The Dolomites belong to the Alps but their geological oddity was first recorded by a French mineralogist, Déodat de Dolomieu, at the end of the 18th century (hence their name). In dolomitic rock the calcium in the limestone sediment formed by a sea bed somehow incorporates magnesium, with different theories accounting for this geological anomaly.

A lovely walk that doesn't involve cable cars begins at Daunëi (at 1,687m) just outside of Selva – another of the three towns in Val Gardena – and from here it's a gentle ascent to 2,140m and a looped trail that hugs the scree slopes at the bottom of the towers and pinnacles of rock that characterise the Odle massif.

You're in the Puez-Odle nature park and there are views of the Swiss Alps some 50 miles away to the west. A good rifugio on the way back – Italian for ‘shelter' and the name for the mountain huts where travellers crossing the Alps could sleep or find respite from inclement weather – has drinks, food and grand scenery (Rifugio Firenze).

The best recuperation and therapy after treks and climbs is a swimming pool, a sauna and a massage and all three are available at Hotel Adler Dolomiti. There are indoor and outdoor heated pools, a hay-scented sauna and a Finnish sauna with views of the Dolomites.

The spa has a choice of half a dozen different kinds of massages, facial and various beauty treatments and a hair spa.

FACT FILE

:: Fly to Innsbruck or Verona (CityJet and other airlines) for a bus service to Val Gardena (transfertovalgardena.com).

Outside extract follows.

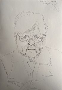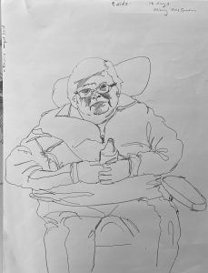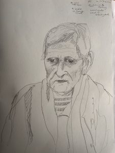 Its very poignant going int and meeting these people- their vulnerability is so obvious- it reminds me how important it is to do this right and to make sure everyone has agency and is treated with respect. The recording side of things is not going great- mainly because haven’t masters how to use the recording equipment at same time as drawing. But I’ve realised I can’t really do the two at once, The last few people I worked with have been quite deaf- so its not possible to talk to them casually and draw at the same time. I think I am going to have to thing of an alternative way to record the conversations. Perhaps if I visited each individual at the end with a set of questions and did it that way- only focusing on the recording. n

:: Walking is possible throughout the year; the best times being May and June, when Alpine flowers bloom into life, or September and October. The only map needed is No. 05 (Val Gardena) in the Tabacco series, available in any of the three towns (£5). For walking in the Dolomites more generally: Shorter Walks in the Dolomites (Cicerone, £13), Dolomites and eastern South Tyrol (Sunflower, Kindle edition £11). For trekking guides and excursions, see seceda.it. The ski season is from December to Easter.

:: Hundreds of flowering plants can be found in the Dolomites and anyone keen to identify some of them will benefit from A Field Guide to the Flowers of the Alps by Ansgar Hoppe (Pelagic, £20). As it happens, the famed eidelweiss has a blanched appearance and is far from being the most eye-catching, especially when compared to the radiant blue of the gentians.

:: For information and online booking of accommodation, see val-gardena.com and valgardena.it For the Gardena Card (£44 for three days), with unlimited use of cable cars and lifts, see www.gardenacard.it

:: Hotel Adler Dolomiti (adler-dolomiti.com), in the centre of Ortisei, has inclusive rates covering breakfast, afternoon (late lunch) buffets, 5 to 6-course dinners, daily programmes of guided walks and other activities (bikes and e-bikes freely available). In winter: daily guided walks and snowshoe treks. Daily fitness programmes (yoga, pilates, Nordic walking) are included throughout the year. Winter daily rates from £131 per person; from £372 per person for three days (Thursday to Sunday); from £429 per person for four days (Sunday to Thursday). Electric cars are available for £29 a day and test drives are free.